The Supreme Court will hear all petitions including the transfer petition filed by Government of India on December 2. On Friday, the Supreme Court bench observed, 'We will examine the inconvenience aspect and constitutional validity of the November 8 notification on demonetisation.'
A bench comprising Chief Justice T S Thakur and Justice DY Chandrachud said, "we will examine both aspects (inconvenience and constitutional validity) of the matter. Come on Friday at 2 PM".
Chief Justice of India TS Thakur has also added, "Let us see, what can be done. This is a serious matter." Lawyer & one of the petitioners, Manohar Lal Sharma, told the apex court that only public is suffering due to demonetisation & not the political leaders.
The bench, meanwhile, asked Attorney General Mukul Rohatgi, appearing for the Centre, to file additional affidavit, if any, explaining the 'schemes and steps' taken to ease the situation that has arisen due to demonetisation. Senior advocate Kapil Sibal, appearing for one of the petitioners who has challenged the Centre's November 8 decision on demonetisation, said the court should start hearing the matter from Tuesday itself.
Rohatgi, however, opposed the contention and said let all the petitioners, who have approached various high courts on the issue, come to the apex court which would take a call on December 2 as to whether the Supreme Court or the Delhi High Court would hear them all.

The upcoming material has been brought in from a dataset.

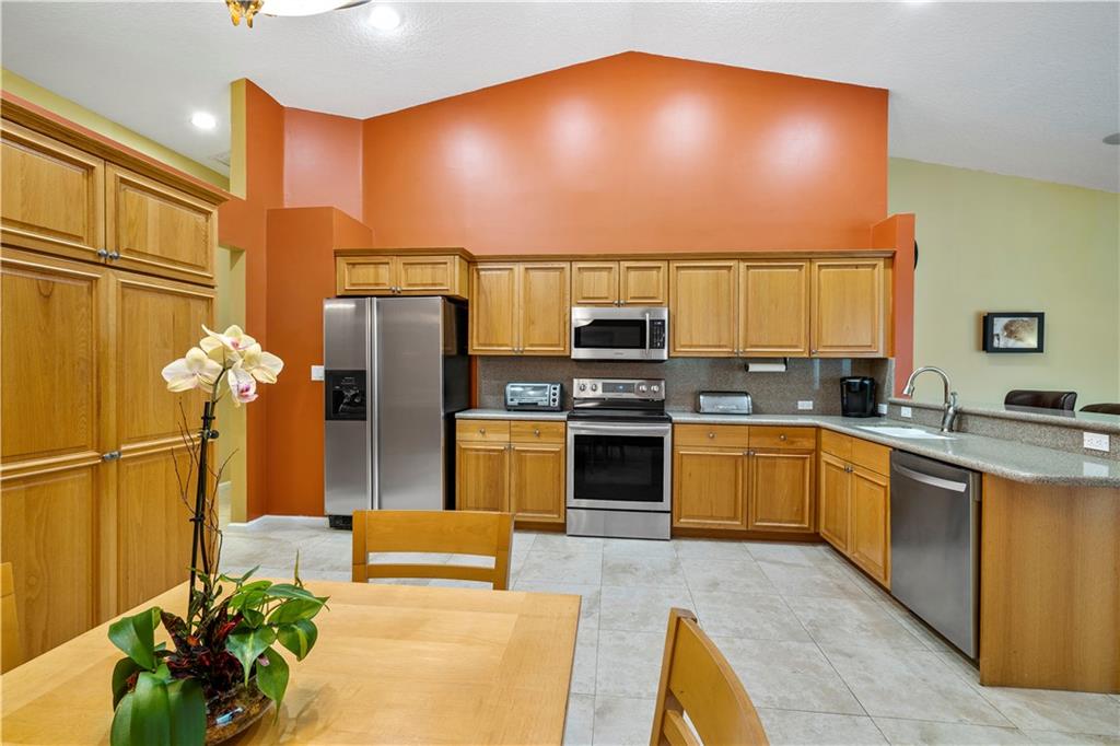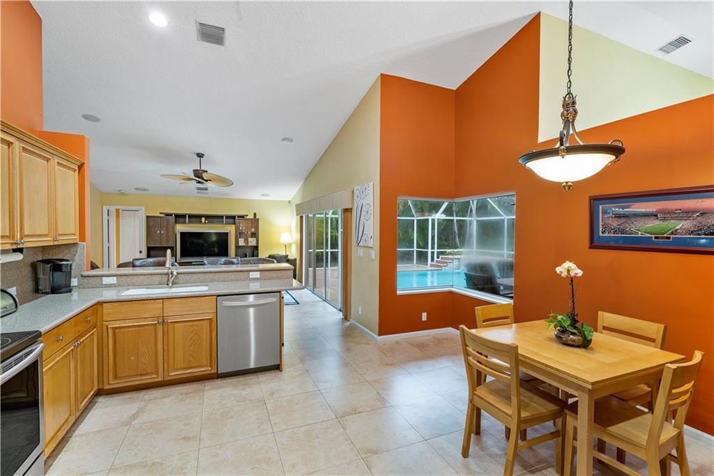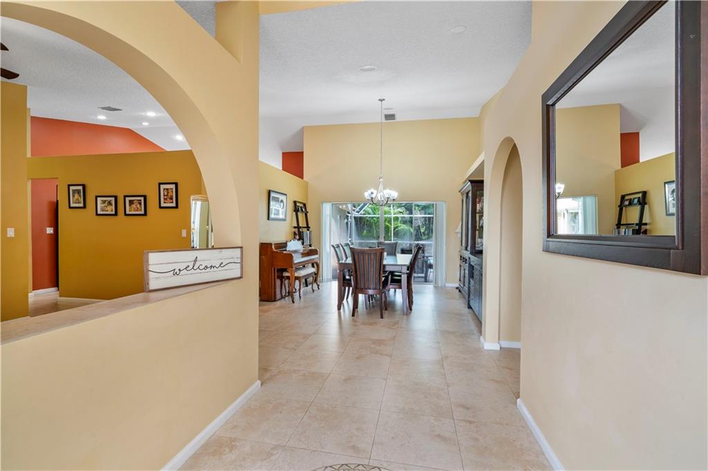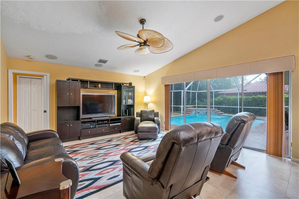 As you enter this meticulously maintained & upgraded 4/3 home, you immediately appreciate its serenity which is accentuated by its Porcelain floors, volume ceilings & direct views of the screened heated pool. Brick paver patio & front drive & walk-way.Triple split bedroom floor plan (great for in-law suite).Spacious master bedroom with pool view & Master bath suite w/separate shower (w/two shower heads) Roman tub and two sinks. Remodeled kitchen w/Oak cabinets, Marble counters & SS appliances. Knockdown ceilings/walls. Formal LR, Formal DR, FR, Eat-in Kitchen w/snack bar counter. New Roof (2012), AC w UV light (2014), Pool heater (2019), Front Loader W&D (2019), Oven/Microwave (2018) ,LG dishwasher (2016).Sprinkler on Well. Hurricane Fabric for all window/sliders/doors.

Centre has recently moved the apex court seeking transferof all the petitions pending in various high courts to either the Supreme Court or one of the high courts.
On Thursday, centre had filed an affidavit in the apex court on demonetisation and had said that the "bold move" would eradicate black money and slush funds operating sinceIndependence which cast a "parallel economy" hitting the poor and the middle class.